ENTRIES SUPPLIED START

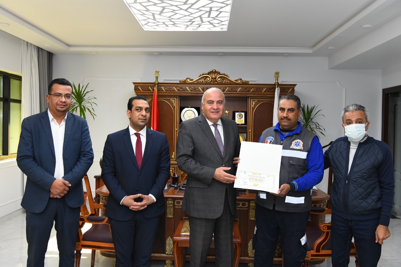 محافظ قنا يكرم مسعفين لأمانتهم وردهم مبلغ 366 ألف جنيه عثروا عليه مع ضحايا حادث سير
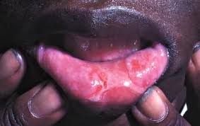 有痛性の口内炎(全身性エリテマトーデスの無痛性口内炎と対照的)が特徴ですが、一般的な原因による
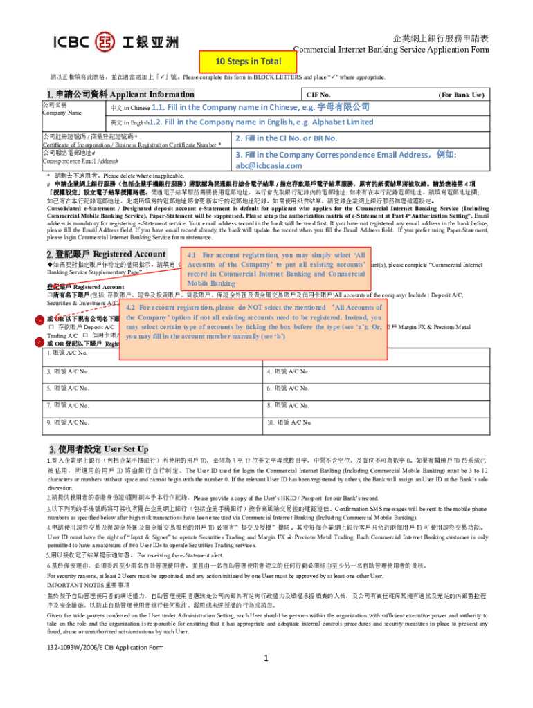 Commercial Internet Banking Service Application Formulas complete this form in BLOCK LETTERS and place where appropriate.1. Applicant Information
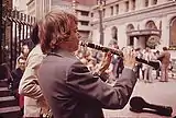 Nightclubs across the city increasingly featured jazz fusion artists who moved away from traditional jazz, embracing a range of influences including Brazilian musical forms; bongo playing for instance became one of the musical icons of the city during this period. Keystone Korner in North Beach was a notable jazz club which opened in 1972, featuring jazz greats like Miles Davis, McCoy Tyner, Betty Carter and others.[24] Another popular nightclub of the 1970s which opened in 1972 was Dave Allen's The Boarding House (nightclub), which hosted music and comedy, featuring Bette Midler, Patti Smith, Dolly Parton, Steve Martin, Robin Williams, and others.[25] In the 1970s, the rise of disco was one of the biggest musical genres of the decade (rooted in funk, Latin and soul vocal music supported by bass lines and electronic synthesizers). Disco took hold in the San Francisco gay community in the early 1970s and by 1978 the androgynous San Francisco singer Sylvester had achieved national prominence with several disco hits.[26]
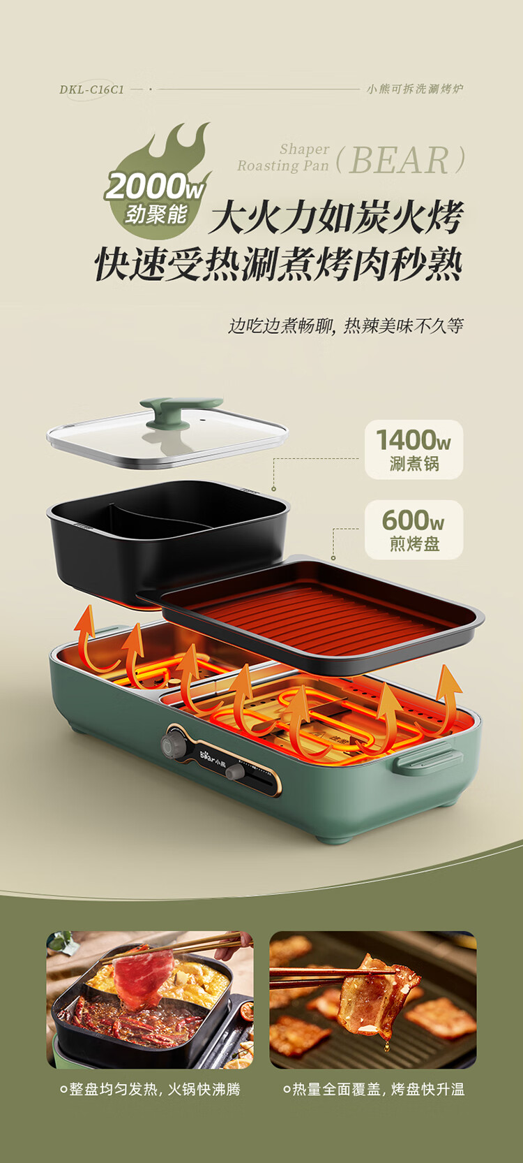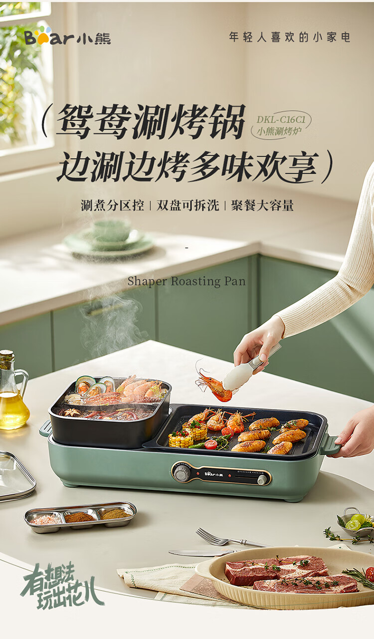 小熊(Bear)烤涮一体两用锅 烤肉锅电烤盘 家用电烧烤炉
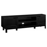 Walker Edison Furniture Company 65 in. Modern Floating Solid Black Wood TV Stand with Divided Shelf (Max TV Size 70 in.)
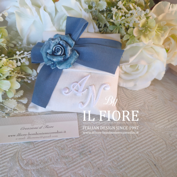 Bomboniere matrimonio sacchetto personalizzato con rosa
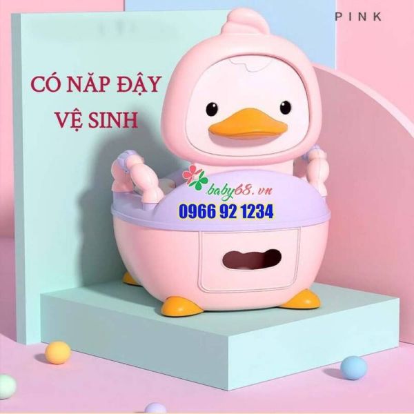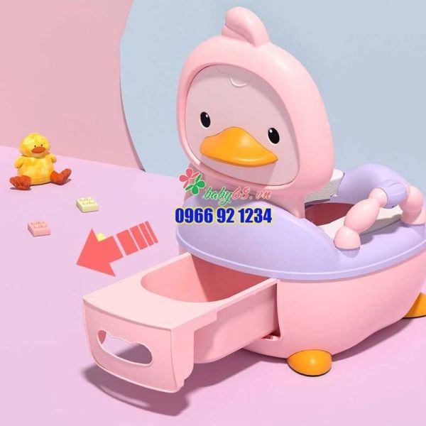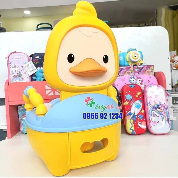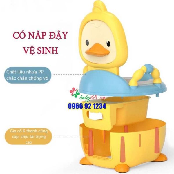 Bô vệ sinh cho bé CAYABE hình vịt con có tay vịn an toàn, đệm ngồi êm ái, bô ngồi cho em bé
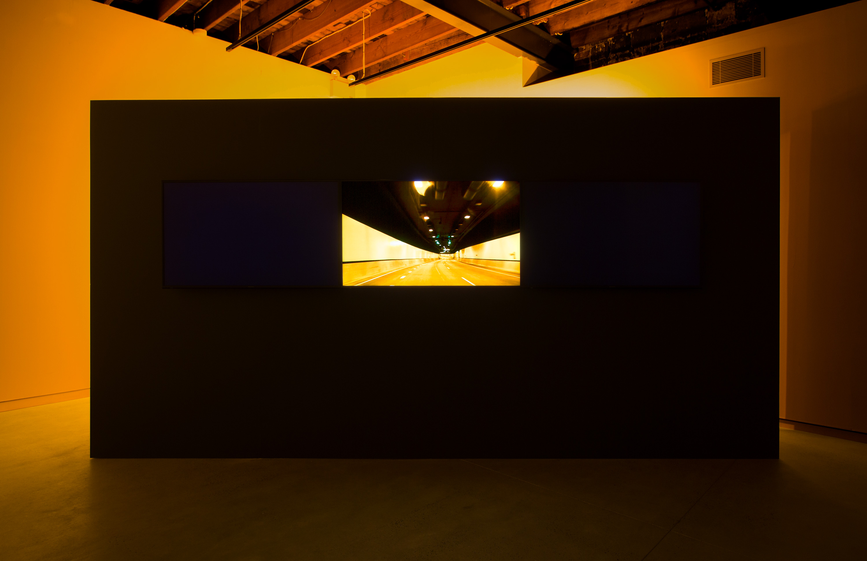 The videos are reminiscent of cinematic narratives, but do not reference any film in particular. Instead they evoke only an atmosphere that finds no resolution. The idea that a cinematic image could continue endlessly suggests that it might extend to the space beyond the frame. The light that spills from the screen is amplified via the bank of lights on the wall.
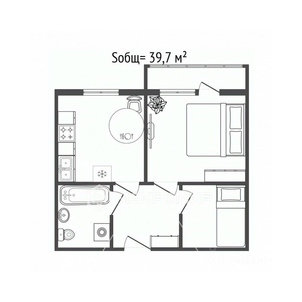 Арт. 133397336 1-к. квартира (фактически 2 комнаты), 39.7 м², свежий ремонт, гардеробная, кухня 16 м²
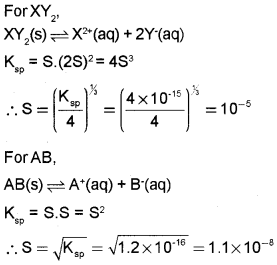 2. The solubility product of two sparingly soluble salts XY2 and AB are 4 × 10-15 and 1.2 × 10-16 respectively. Which salt is more soluble? Explain.
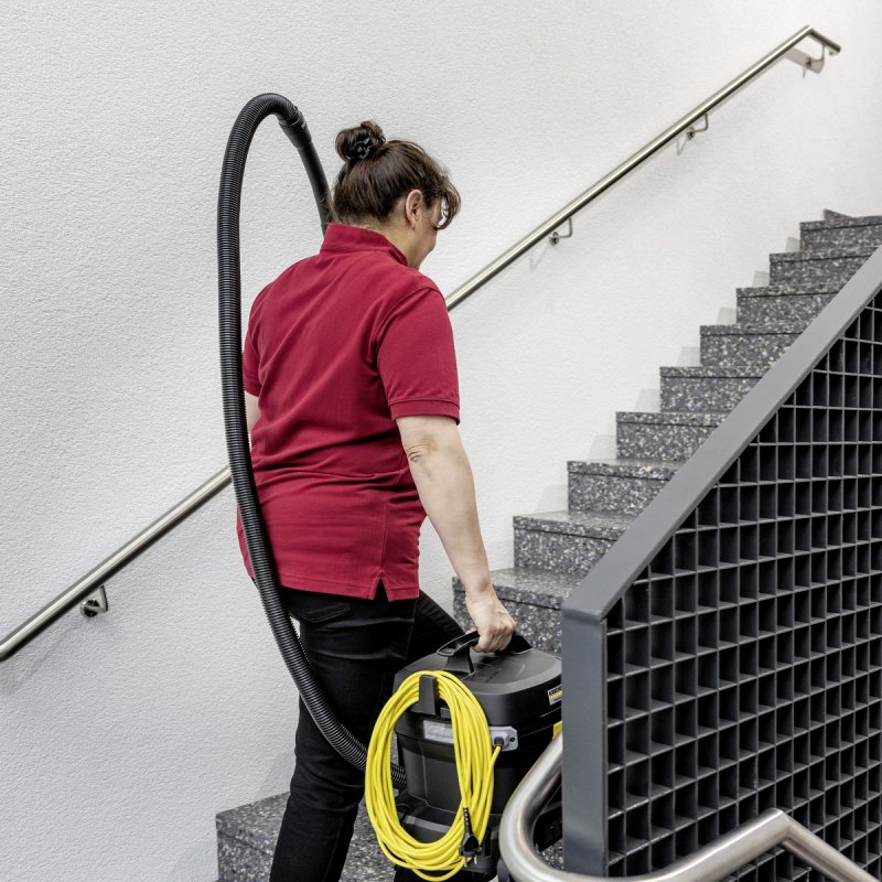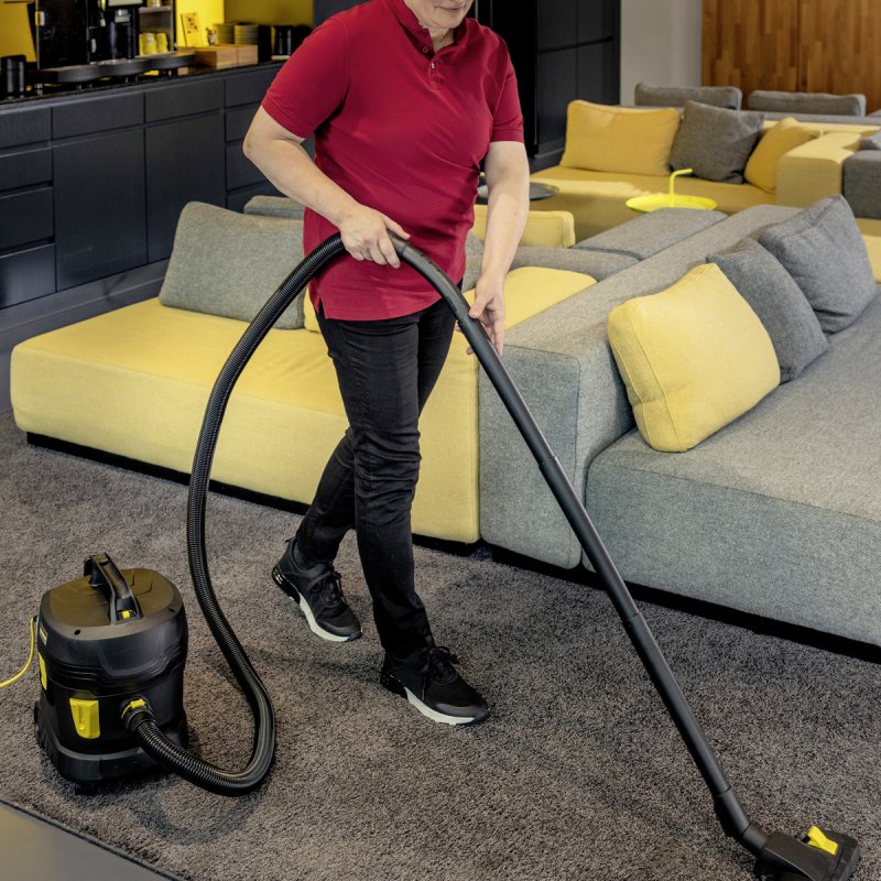 A Kärcher T 11/1 Classic Adv Go!Further szárazporszívó. Ez a limitált, fekete kivitelű modell a Kärcher legmagasabb szintű fenntarthatósági törekvéseit képviseli, burkolata 60%-ban újrahasznosított műanyagból készül. A gép legfőbb technikai előnye a kimagasló szívóteljesítmény és a rendkívül alacsony, mindössze 61 dB(A) zajszint kombinációja, amely lehetővé teszi a munkavégzést a legzajérzékenyebb területeken is. A 11 literes tartálykapacitás ellenére a készülék csupán 4 kilogramm, így az ergonomikus hordozófogantyúval és a beépített könyökcsővel kiegészítve hosszú távon is fáradságmentes használatot biztosít. A felhasználó által is könnyen cserélhető, 12 méter hosszú hálózati kábel, a tartozékok számára kialakított integrált tárolóhelyek, valamint az exkluzív csomagban található 10 darab flíz porzsák teszik ezt a robusztus eszközt a szállodák és irodaházak legoptimálisabb ár-érték arányú, környezettudatos választásává.
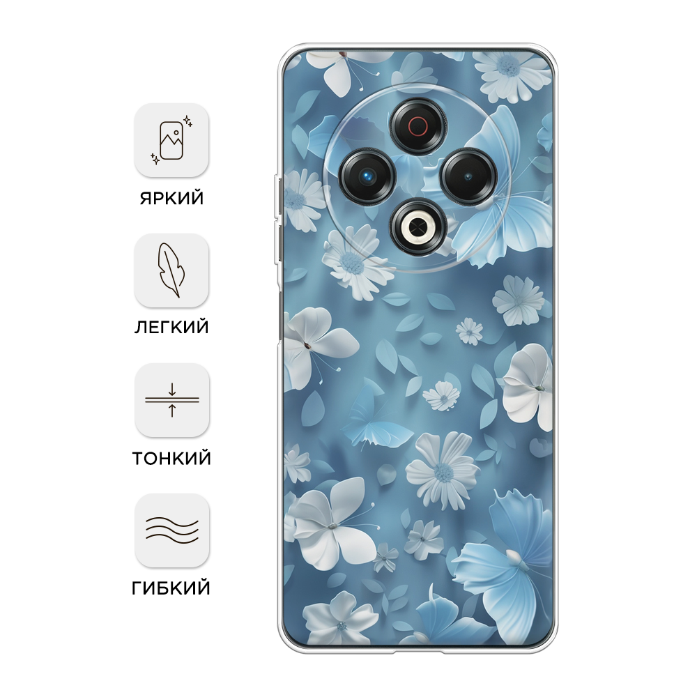 СохранитьЧехол на Tecno Spark 30 / Текно Спарк 30 с принтом Голубые глазурные цветы интересное:

ENTRIES SUPPLIED END

* **EXERCISE DIRECTIONS**
Give back an exact copy of the material above, omitting the pictures.

* **ANSWER TO THE EXERCISE**
 محافظ قنا يكرم مسعفين لأمانتهم وردهم مبلغ 366 ألف جنيه عثروا عليه مع ضحايا حادث سير
 有痛性の口内炎(全身性エリテマトーデスの無痛性口内炎と対照的)が特徴ですが、一般的な原因による
 Commercial Internet Banking Service Application Formulas complete this form in BLOCK LETTERS and place where appropriate.1. Applicant Information
 Nightclubs across the city increasingly featured jazz fusion artists who moved away from traditional jazz, embracing a range of influences including Brazilian musical forms; bongo playing for instance became one of the musical icons of the city during this period. Keystone Korner in North Beach was a notable jazz club which opened in 1972, featuring jazz greats like Miles Davis, McCoy Tyner, Betty Carter and others.[24] Another popular nightclub of the 1970s which opened in 1972 was Dave Allen's The Boarding House (nightclub), which hosted music and comedy, featuring Bette Midler, Patti Smith, Dolly Parton, Steve Martin, Robin Williams, and others.[25] In the 1970s, the rise of disco was one of the biggest musical genres of the decade (rooted in funk, Latin and soul vocal music supported by bass lines and electronic synthesizers). Disco took hold in the San Francisco gay community in the early 1970s and by 1978 the androgynous San Francisco singer Sylvester had achieved national prominence with several disco hits.[26]
 小熊(Bear)烤涮一体两用锅 烤肉锅电烤盘 家用电烧烤炉
 Walker Edison Furniture Company 65 in. Modern Floating Solid Black Wood TV Stand with Divided Shelf (Max TV Size 70 in.)
 Bomboniere matrimonio sacchetto personalizzato con rosa
 Bô vệ sinh cho bé CAYABE hình vịt con có tay vịn an toàn, đệm ngồi êm ái, bô ngồi cho em bé
 The videos are reminiscent of cinematic narratives, but do not reference any film in particular. Instead they evoke only an atmosphere that finds no resolution. The idea that a cinematic image could continue endlessly suggests that it might extend to the space beyond the frame. The light that spills from the screen is amplified via the bank of lights on the wall.
 Арт. 133397336 1-к. квартира (фактически 2 комнаты), 39.7 м², свежий ремонт, гардеробная, кухня 16 м²
 2. The solubility product of two sparingly soluble salts XY2 and AB are 4 × 10-15 and 1.2 × 10-16 respectively. Which salt is more soluble? Explain.
 A Kärcher T 11/1 Classic Adv Go!Further szárazporszívó. Ez a limitált, fekete kivitelű modell a Kärcher legmagasabb szintű fenntarthatósági törekvéseit képviseli, burkolata 60%-ban újrahasznosított műanyagból készül. A gép legfőbb technikai előnye a kimagasló szívóteljesítmény és a rendkívül alacsony, mindössze 61 dB(A) zajszint kombinációja, amely lehetővé teszi a munkavégzést a legzajérzékenyebb területeken is. A 11 literes tartálykapacitás ellenére a készülék csupán 4 kilogramm, így az ergonomikus hordozófogantyúval és a beépített könyökcsővel kiegészítve hosszú távon is fáradságmentes használatot biztosít. A felhasználó által is könnyen cserélhető, 12 méter hosszú hálózati kábel, a tartozékok számára kialakított integrált tárolóhelyek, valamint az exkluzív csomagban található 10 darab flíz porzsák teszik ezt a robusztus eszközt a szállodák és irodaházak legoptimálisabb ár-érték arányú, környezettudatos választásává.
 СохранитьЧехол на Tecno Spark 30 / Текно Спарк 30 с принтом Голубые глазурные цветы интересное:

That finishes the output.